黄火土边走边说,却没听见钟玄的回应。
他侧头一看,身边哪还有钟玄的身影。
人呢?跑哪去了?
刚才还在呢。
黄火土连忙转身打量一圈之后,顿时满脸黑线。
只见钟玄站在一个蚵仔煎的摊档旁边,正在兴致勃勃的等着食物出炉。
黄火土走过去,有些无奈道:
“你倒是和我招呼一下嘛,不然很容易走散的。
怎么,肚子饿了?”
钟玄头都没回:
“我闻着很香。
今晚上时间有点赶,没机会请你吃大餐。
皇帝还不饿差兵呢,请你吃份蚵仔煎,也算我聊表心意。”
黄火土心中一暖,笑道:
“好意我心领了,不过我才是东道,应该我请你。
说完,伸手就去摸钱包。”
这么会功夫,两份蚵仔煎已经新鲜出炉。
钟玄一手接过打包盒,另一只手拽出张红色纸币抢先递了过去:
“不用找了。”
“谢谢老板!”
摊贩欢天喜地的收下。
钟玄将其中一份蚵仔煎朝着黄火土面前一递,笑道:
“别那么客气,咱们也算是共同历经生死的朋友了。
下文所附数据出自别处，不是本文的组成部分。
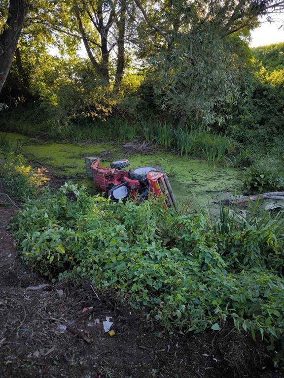 Po dojeździe na miejsce zdarzenia zastępów straży pożarnej stwierdzono, że mężczyzna jest przygnieciony przez ciągnik, który częściowo znajduje się w wodzie. Poszkodowany był przytomny. Działania JOP polegały na zabezpieczeniu miejsca zdarzenia, ewakuacji poszkodowanego spod ciągnika poprzez podniesienie maszyny za pomocą wyciągarki, przekazaniu poszkodowanego ratownikom ZRM oraz zabezpieczeniu lądowiska dla helikoptera LPR.

”
黄火土愣了一下,收起钱包接过食物,并没有反驳。
是朋友没错,不过只有他自己单方面历经生死,钟玄由于实力太变态,一直稳如泰山。
钟玄拿起叉子挑了块蚵仔煎,闭口一嚼,唇齿生香。
牡蛎混合了番薯粉,经过铁板煎制后外焦里嫩,鲜美异常。
吃的钟玄连连点头。
另一边的黄火土奔波许久,连惊带吓,也早就饿了,此时也在闷头大嚼。
两个人边吃边走,没一会就穿出了人群,来到一排店铺前。
黄火土将打包盒扔进垃圾桶,看了看店铺牌子,迈步就要往里面走,却被钟玄一把拽了回来。
“怎么了?”
钟玄指了指不远处的一间纸扎店说道:
“猫有猫路,鼠有鼠道。
咱们去哪里问问,毕竟他们算半个同行。”
黄火土一想还真是这么回事,自己选的这间超商确实不太合适,估计连关东煮的配方都问不出来。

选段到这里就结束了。